Milan — Italy’s nationalist government is leading the backlash against EU plans to raise vehicle emissions limits, vowing to defend the auto industry in a country still wedded to the combustion engine. Prime Minister Giorgia Meloni’s far-right coalition, which took office last October, has tried and failed to block EU plans to ban the sale of new fossil fuel cars by 2035, which her predecessor Mario Draghi , had supported.
But this week the government shifted its fight to planned “Euro 7” standards for pollutants, joining seven other EU member states – including France and Poland – to demand that Brussels scrap limits that will take effect in July 2025. .
“Italy is showing the way, our positions are increasingly widely shared,” said Business Minister Adolfo Urso, an ardent supporter of domestic industry in the face of what he called an “ideological view” of climate change.
The EU plan “is clearly wrong and not even useful from an environmental point of view,” added transport minister Matteo Salvini, leader of the far-right League party, which shares power with the post-fascist Italian Brothers of Meloni. .
Salvini led the failed prosecution of the ban on internal combustion engines, labeling it “madness” that would “destroy thousands of jobs for Italian workers” while benefiting China, leader in electric vehicles.
Federico Spadini of Greenpeace Italy lamented that “environmental and climate issues are always relegated to the background”, blaming a “strong industrial lobby in Italy” on the automotive and energy sectors.
“None of the governments in recent years have risen to the environmental challenge,” he told AFP.
“Unfortunately, Italy is not known in Europe as a climate champion. And it is clear that with Meloni’s government the situation has worsened,” he said.
“Traditional Engine Oriented” Jobs
In 2022, Italy had almost 270,000 direct or indirect employees in the automotive sector, which represented 5.2% of GDP.
The European Association of Automotive Suppliers (CLEPA) has warned that switching to all electric cars could lead to more than 60,000 job losses in Italy by 2035 for car suppliers alone.
“Since Fiat was absorbed by Stellantis in 2021, Italy no longer has a big car industry, but it remains big in terms of components, all geared towards traditional engines,” noted Lorenzo Codogno, former chief economist at the Italian Treasury.
“extremely late”
For consumers, too, the electric revolution has yet to arrive.
Italians are attached to their cars, ranking fourth behind Liechtenstein, Iceland and Luxembourg with 670 passenger cars per 1,000 inhabitants, according to the latest Eurostat data for 2020.
But electric car sales are down 26.9% in 2022 to just 3.7% of the market, versus 12.1% for the EU average.
Lorenzo Di Cola/NurPhoto/Getty
Subsidies to increase zero-emission vehicles have fallen, while Minister Urso admitted that in infrastructure “we are extremely behind”.

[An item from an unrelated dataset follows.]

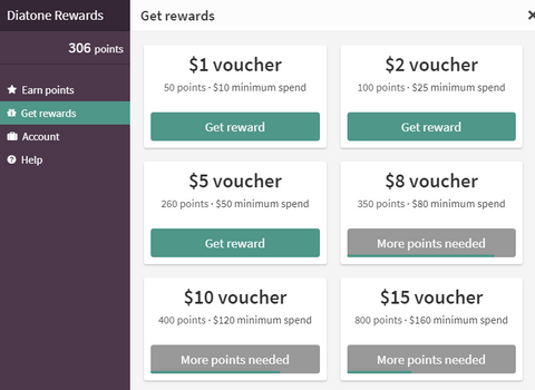 Clearly, the points showed on the right of Diatone Rewards ...

Italy has just 36,000 electric charging stations, compared with 90,000 in the Netherlands, a country a fraction of the size of Italy, it revealed.
“There is no enthusiasm for electric cars in Italy,” Felipe Munoz, an analyst at automotive data firm Jato Dynamics, told AFP. “The offer is scarce, with only one model manufactured by the national automaker Fiat.”
Furthermore, “the purchasing power is not very high, people cannot buy electric vehicles, which are expensive. So demand is low, unlike the Nordic countries.”
Gerrit Marx, head of Italian truck maker Iveco, agrees.
“We run the risk of becoming a big Cuba, with very old cars running for years, because a part of the population will not be able to buy an electric model,” he said.